Problem 1

  1. Write the Least Squares line equation and show that it always goes through the point (\(\bar{X}, \bar{Y}\)).

Least Squares line equation:

\[\begin{aligned} Y_{i} &= \hat{\beta}_{0} + \hat{\beta}_{1} X_{i} \\ &= (\overline{Y}-\hat{\beta}_{1} \overline{X}) + \hat{\beta}_{1} X_{i} \\ &= (\overline{Y}-\frac{\sum_{i=1}^{n} X_{i} Y_{i}-n \overline{X Y}}{\sum_{i=1}^{n} X_{i}^{2}-n \bar{X}^{2}} \overline{X}) + \frac{\sum_{i=1}^{n} X_{i} Y_{i}-n \overline{X Y}}{\sum_{i=1}^{n} X_{i}^{2}-n \bar{X}^{2}} X_{i} \end{aligned}\]
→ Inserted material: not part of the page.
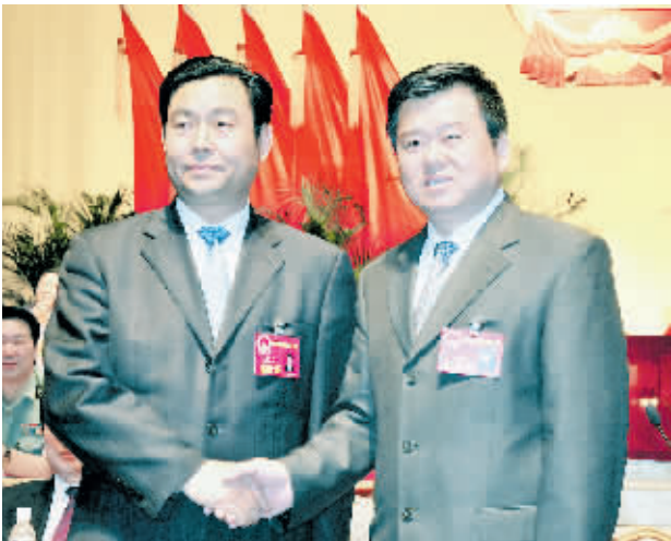
市委书记徐光与新当选的市人民政府市长岳文海亲切握手。

Plug \(X_{i} = \overline{X}\) into the equation, we can get:

\[\begin{aligned} (\overline{Y}-\frac{\sum_{i=1}^{n} X_{i} Y_{i}-n \overline{X Y}}{\sum_{i=1}^{n} X_{i}^{2}-n \bar{X}^{2}} \overline{X}) + \frac{\sum_{i=1}^{n} X_{i} Y_{i}-n \overline{X Y}}{\sum_{i=1}^{n} X_{i}^{2}-n \bar{X}^{2}} X_{i} &= (\overline{Y}-\frac{\sum_{i=1}^{n} X_{i} Y_{i}-n \overline{X Y}}{\sum_{i=1}^{n} X_{i}^{2}-n \bar{X}^{2}} \overline{X}) + \frac{\sum_{i=1}^{n} X_{i} Y_{i}-n \overline{X Y}}{\sum_{i=1}^{n} X_{i}^{2}-n \bar{X}^{2}} \overline{X} \\ &= \overline{Y} - 0 \\ &= \overline{Y} \end{aligned}\]

Thus, the Least Squares line always goes through the point (\(\overline{X},\overline{Y}\)).

  1. Show that \(corr(e_i, \hat{Y}_{i}) = 0\).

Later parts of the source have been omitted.